The goal of this project is to develop a program that, given a series of points (latitude, longitude, timestamp) for a courier journey from A-B, will disregard potentially erroneous points
go build cmd/betterpath.go
./betterpath assets/points.csv
The first thing to do was to spot the erroneous points from the dataset given with the subject.
I plotted the coordinates on a map and noticed that some points were far from the main path:
The second thing to do was to identify which aspects of these points made them erroneous.
I chose to work on the distances between the points, rather than the speed of the courier because it would have required trigonometry computations and a greater overhead.

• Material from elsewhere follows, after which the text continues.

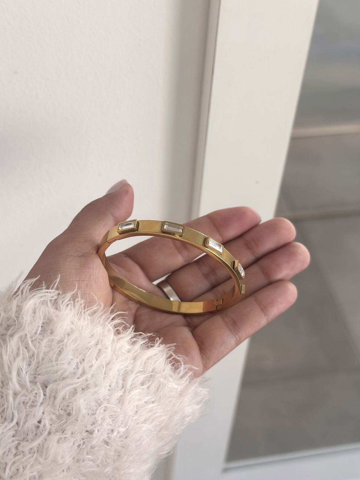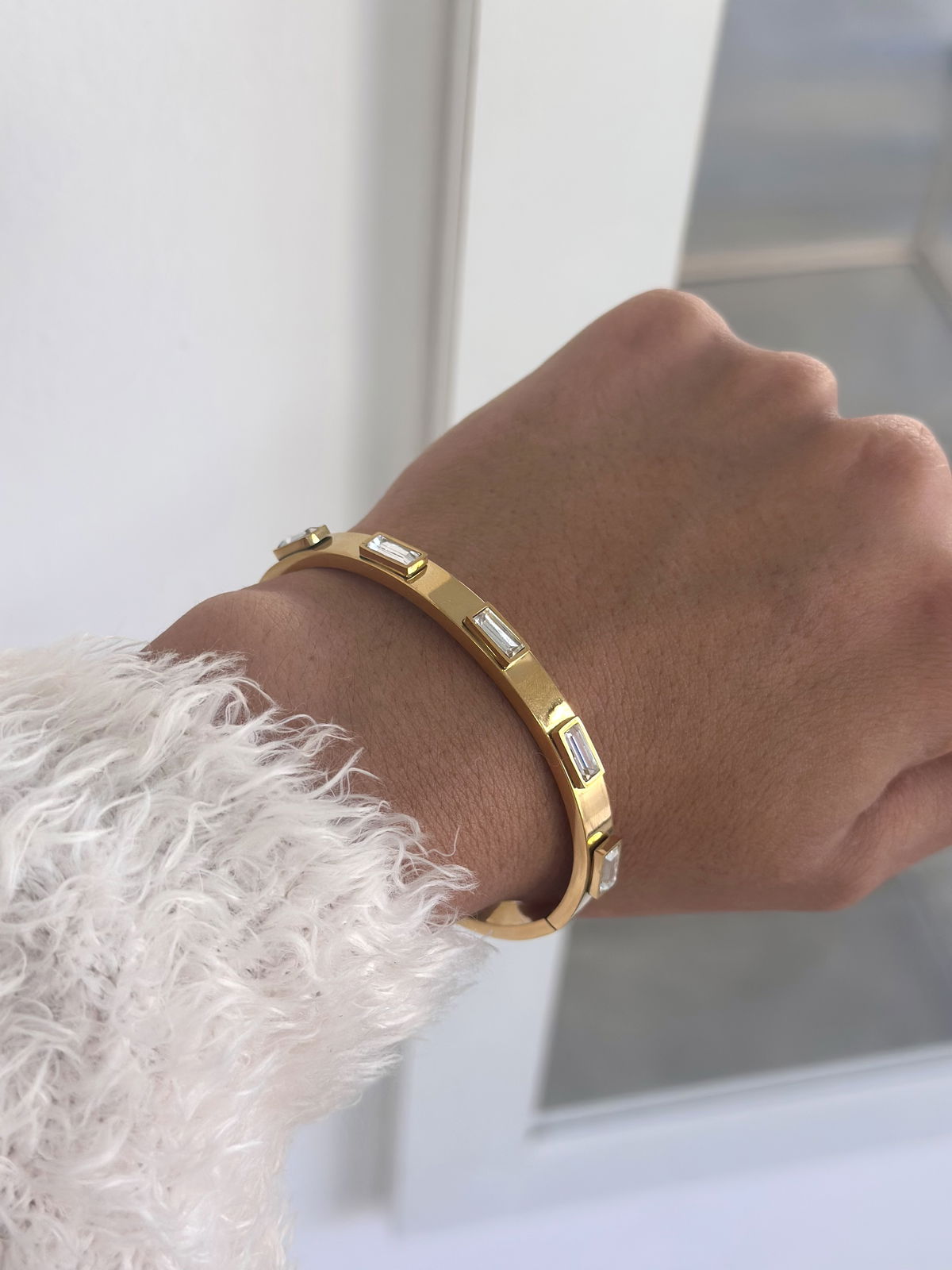 Esclava ancha con cubics cuadrados, 6 cm de diámetro acero dorado.
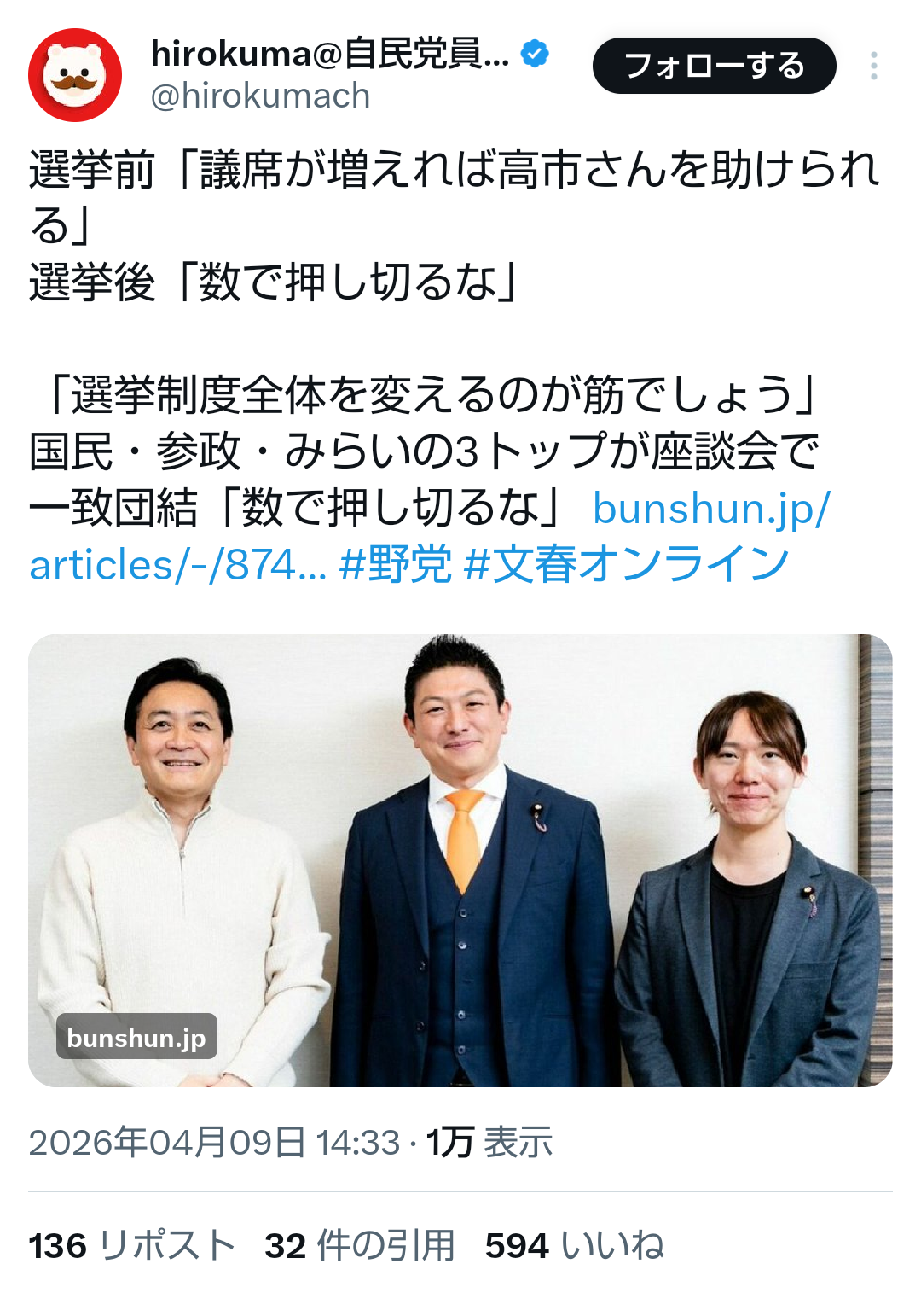 | … | 118無題Name名無し 26/04/09(木)19:34:58No.791424そうだねx6 1775730898329.png-(762466 B) >選挙前「議席が増えれば高市さんを助けられる」 |

Since the "wrong" distances seemed significantly higher than the "normal" ones I decided to work on the standard deviation of the distances, inspired by the work I did on linear and logistic regressions and an interesting article about the concept of normal distribution.
Another matter was the position of the wrong points after being sorted by timestamp. Whether they were contiguous, at the beginning of the path or at the end, it required to update carefully the data stored.
Two slices:
- for storing the coordinates and the timestamp of each point, using a structure Point
type Point struct {
x float64
y float64
t int64
}
- for storing the distances between points and to calculate the standard deviation
The two slices are browsed only once, and simultaneously. When a distance is considered too high (ie. superior to the standard deviation), the erroneous point of the pair is identified, deleted, and the distances are updated (and checked because two erroneous points can be contiguous).